** Opening INFORMATION SUPPLIED block **

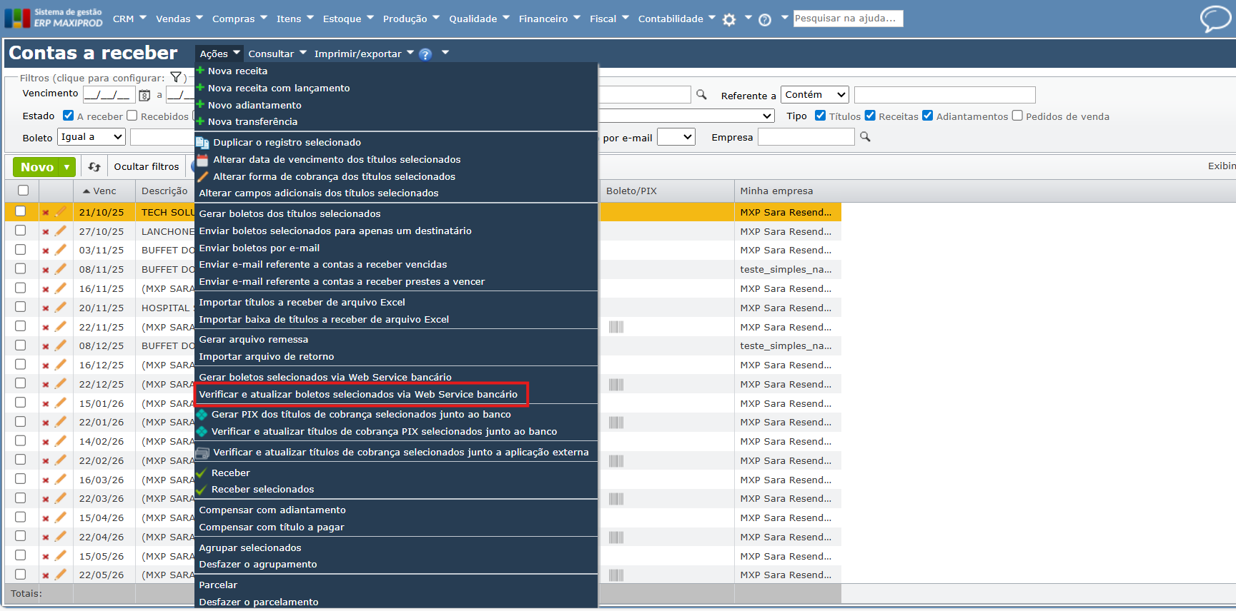 2) Ao clicar neste menu, se o boleto selecionado foi gerado via web service e está registrado no banco, é verificado se está no estado “LIQUIDADO”. Neste caso, é efetuada a baixa do título a receber no ERP MAXIPROD, com base no valor baixado informado pelo banco.
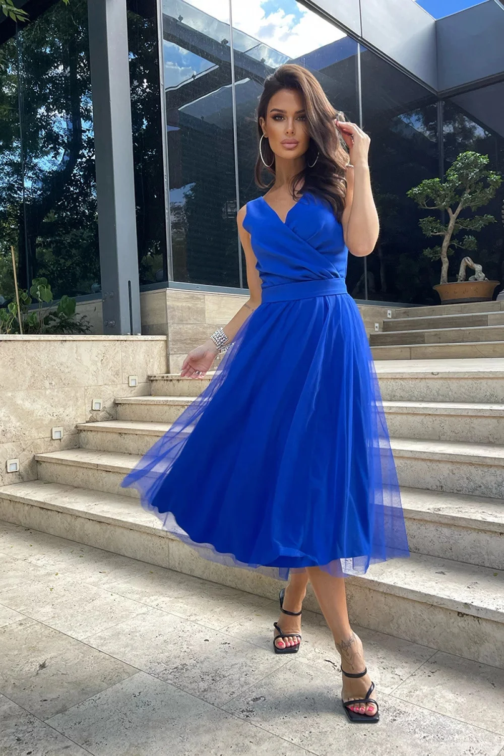 Tylové midi šaty s mírně rozšířenou vrstvenou sukní. Vrchní část výtvoru na silnějších popruzích, dokonale přiléhající k pasu. Ramena a záda jsou odhalená. Model dodávající eleganci a ženskost. Šaty jsou podšité a zapínají se na krytý zip. K dispozici v různých barvách.
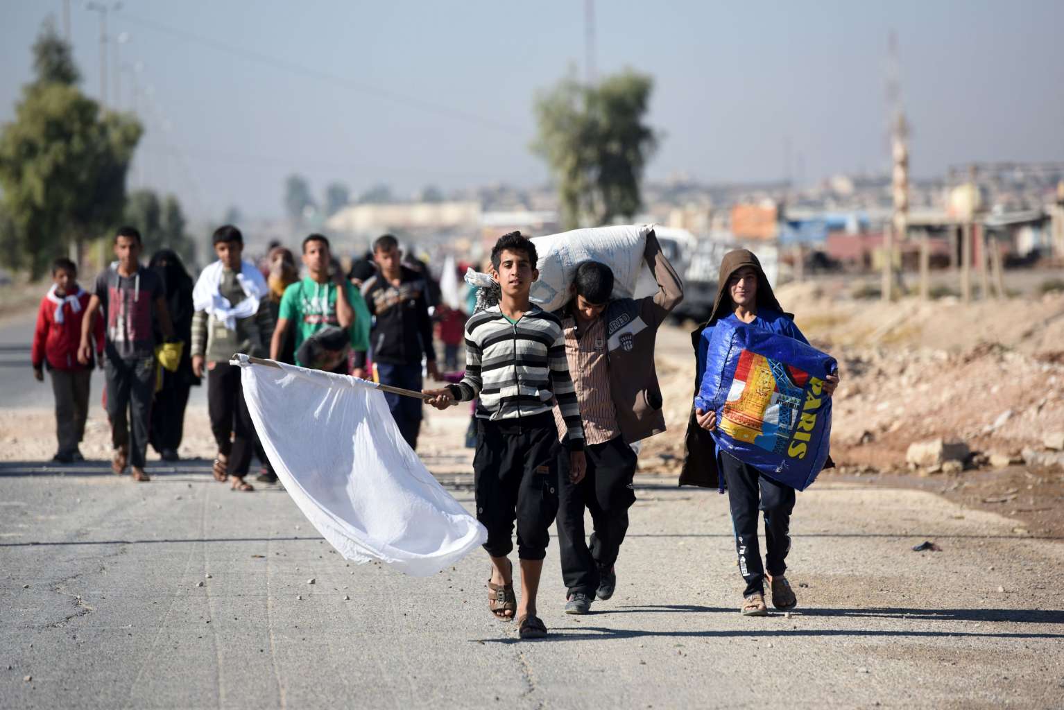An Iraqi youth, who fled the violence due to the ongoing operation by Iraqi forces against the Islamic State in Iraq and Syria to retake the city of Mosul, walks with a white flag on Nov 3, 2016 as people leave Gogjali, Mosul.
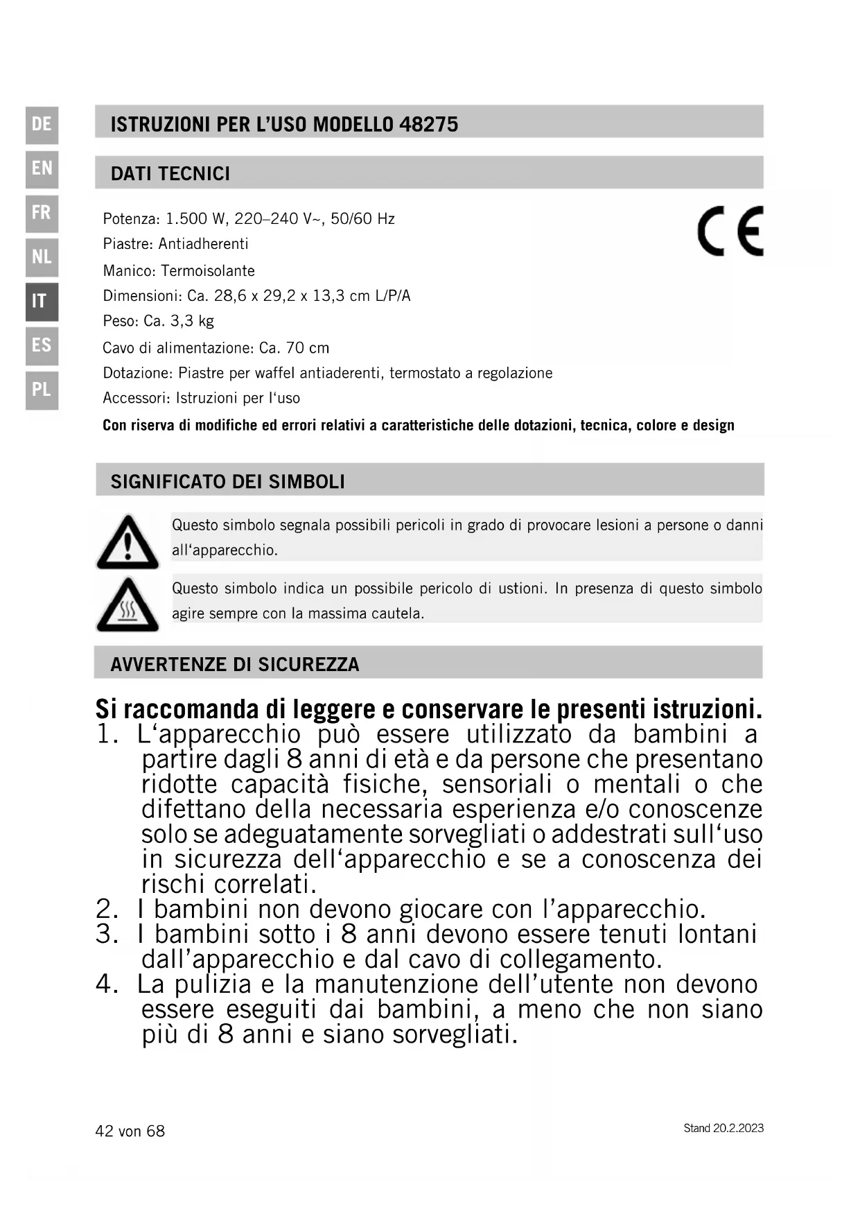 MANUALE UTENTE Brüssel 48275 UNOLD

** Closing INFORMATION SUPPLIED block **

--- YOUR GOAL ---
The job is to return the listing above exactly, minus its pictures.

--- EXERCISE ANSWER ---
 2) Ao clicar neste menu, se o boleto selecionado foi gerado via web service e está registrado no banco, é verificado se está no estado “LIQUIDADO”. Neste caso, é efetuada a baixa do título a receber no ERP MAXIPROD, com base no valor baixado informado pelo banco.
 Tylové midi šaty s mírně rozšířenou vrstvenou sukní. Vrchní část výtvoru na silnějších popruzích, dokonale přiléhající k pasu. Ramena a záda jsou odhalená. Model dodávající eleganci a ženskost. Šaty jsou podšité a zapínají se na krytý zip. K dispozici v různých barvách.
An Iraqi youth, who fled the violence due to the ongoing operation by Iraqi forces against the Islamic State in Iraq and Syria to retake the city of Mosul, walks with a white flag on Nov 3, 2016 as people leave Gogjali, Mosul.
 MANUALE UTENTE Brüssel 48275 UNOLD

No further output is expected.